Material for this task —
★ ★ ★ ★ ★ ★ ★
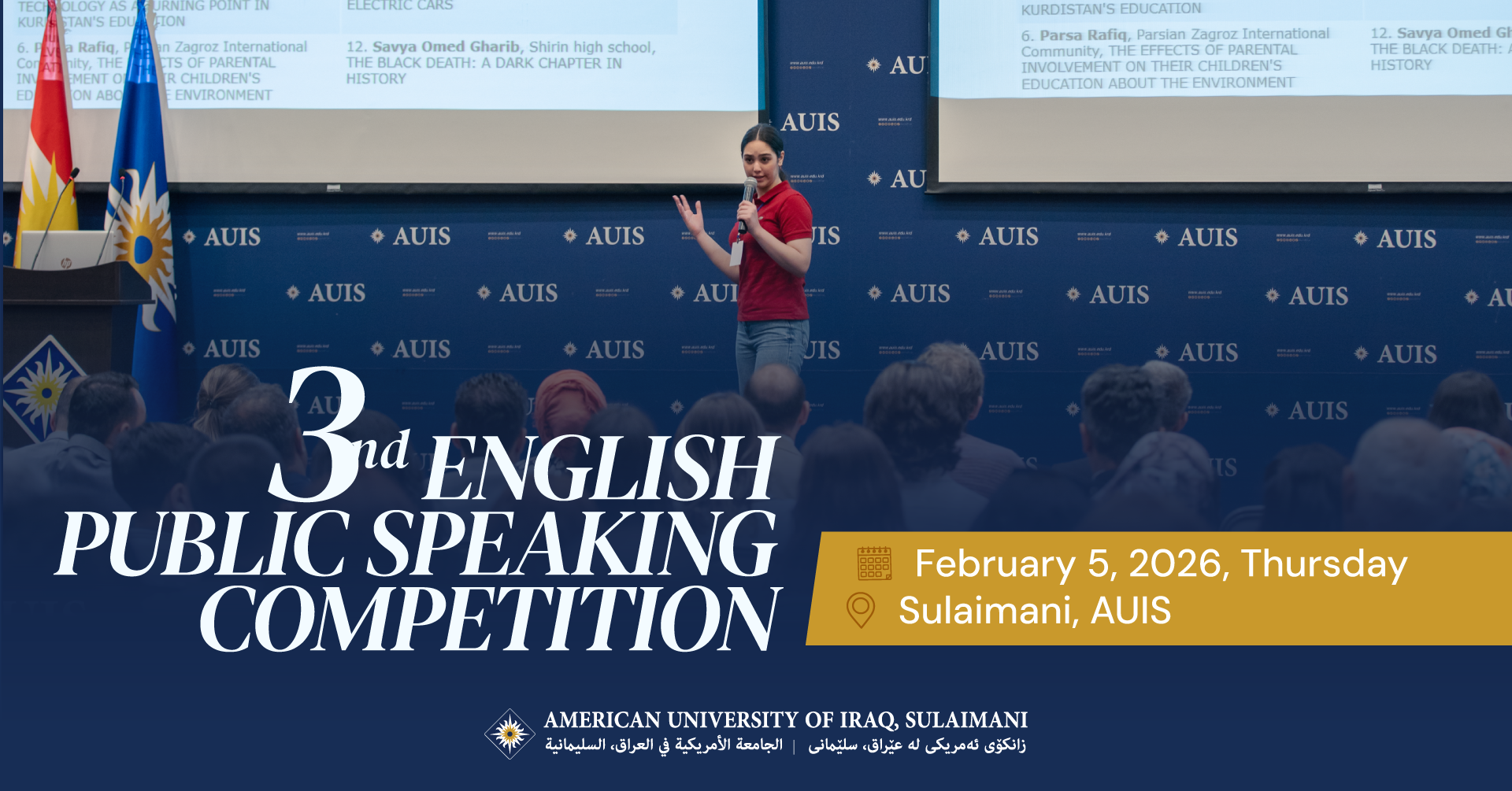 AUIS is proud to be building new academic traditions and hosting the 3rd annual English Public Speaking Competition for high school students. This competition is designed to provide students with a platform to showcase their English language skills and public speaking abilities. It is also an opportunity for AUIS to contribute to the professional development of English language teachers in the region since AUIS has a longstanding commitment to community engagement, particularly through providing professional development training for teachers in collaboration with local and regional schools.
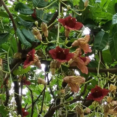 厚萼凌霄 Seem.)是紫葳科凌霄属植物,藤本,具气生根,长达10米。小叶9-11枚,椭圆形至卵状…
★ ★ ★ ★ ★ ★ ★
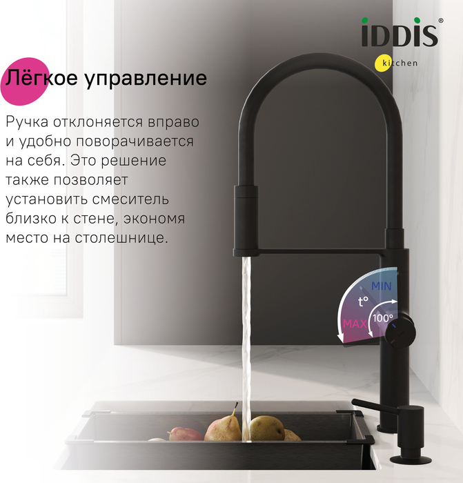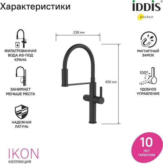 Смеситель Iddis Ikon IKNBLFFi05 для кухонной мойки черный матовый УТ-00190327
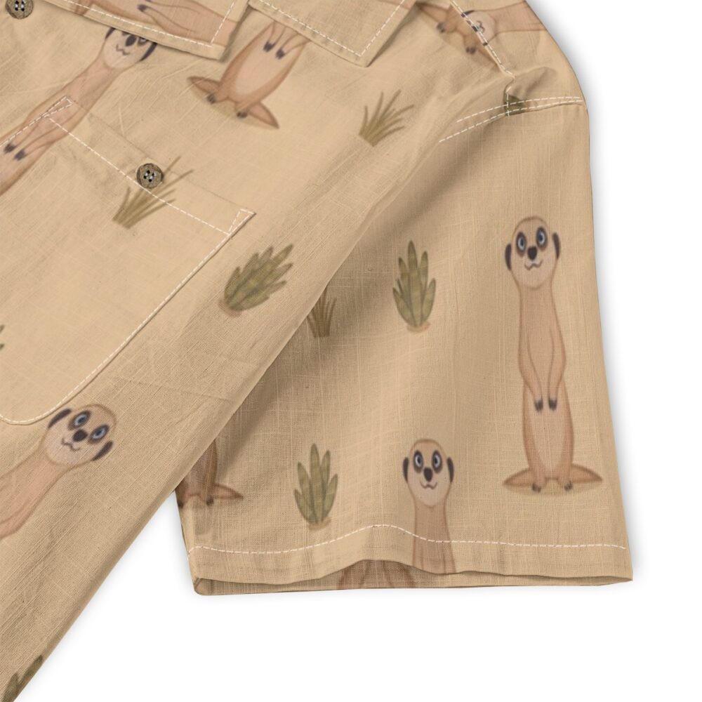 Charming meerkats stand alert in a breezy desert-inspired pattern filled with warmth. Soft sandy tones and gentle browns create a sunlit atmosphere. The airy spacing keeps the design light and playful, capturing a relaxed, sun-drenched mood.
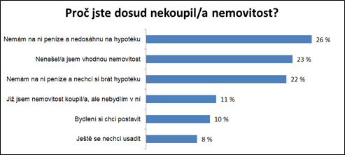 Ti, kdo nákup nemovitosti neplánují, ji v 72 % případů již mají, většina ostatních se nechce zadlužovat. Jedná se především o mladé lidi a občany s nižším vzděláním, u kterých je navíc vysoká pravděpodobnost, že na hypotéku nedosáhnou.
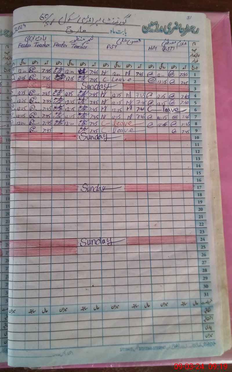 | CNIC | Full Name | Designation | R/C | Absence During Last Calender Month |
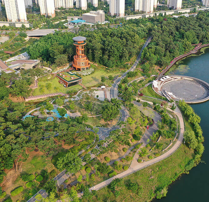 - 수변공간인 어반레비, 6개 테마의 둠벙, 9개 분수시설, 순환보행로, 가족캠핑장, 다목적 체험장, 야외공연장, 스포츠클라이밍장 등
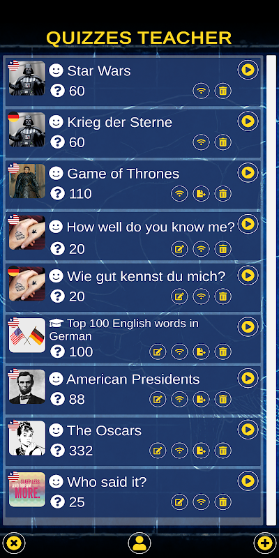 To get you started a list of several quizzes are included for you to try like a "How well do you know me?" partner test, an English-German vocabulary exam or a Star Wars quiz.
★ ★ ★ ★ ★ ★ ★
In the entries above, find the line containing "Charming meerkats stand" and the line containing "To get you started"; give again exactly those two lines and every line between them, minus the pictures.

 Charming meerkats stand alert in a breezy desert-inspired pattern filled with warmth. Soft sandy tones and gentle browns create a sunlit atmosphere. The airy spacing keeps the design light and playful, capturing a relaxed, sun-drenched mood.
 Ti, kdo nákup nemovitosti neplánují, ji v 72 % případů již mají, většina ostatních se nechce zadlužovat. Jedná se především o mladé lidi a občany s nižším vzděláním, u kterých je navíc vysoká pravděpodobnost, že na hypotéku nedosáhnou.
 | CNIC | Full Name | Designation | R/C | Absence During Last Calender Month |
 - 수변공간인 어반레비, 6개 테마의 둠벙, 9개 분수시설, 순환보행로, 가족캠핑장, 다목적 체험장, 야외공연장, 스포츠클라이밍장 등
 To get you started a list of several quizzes are included for you to try like a "How well do you know me?" partner test, an English-German vocabulary exam or a Star Wars quiz.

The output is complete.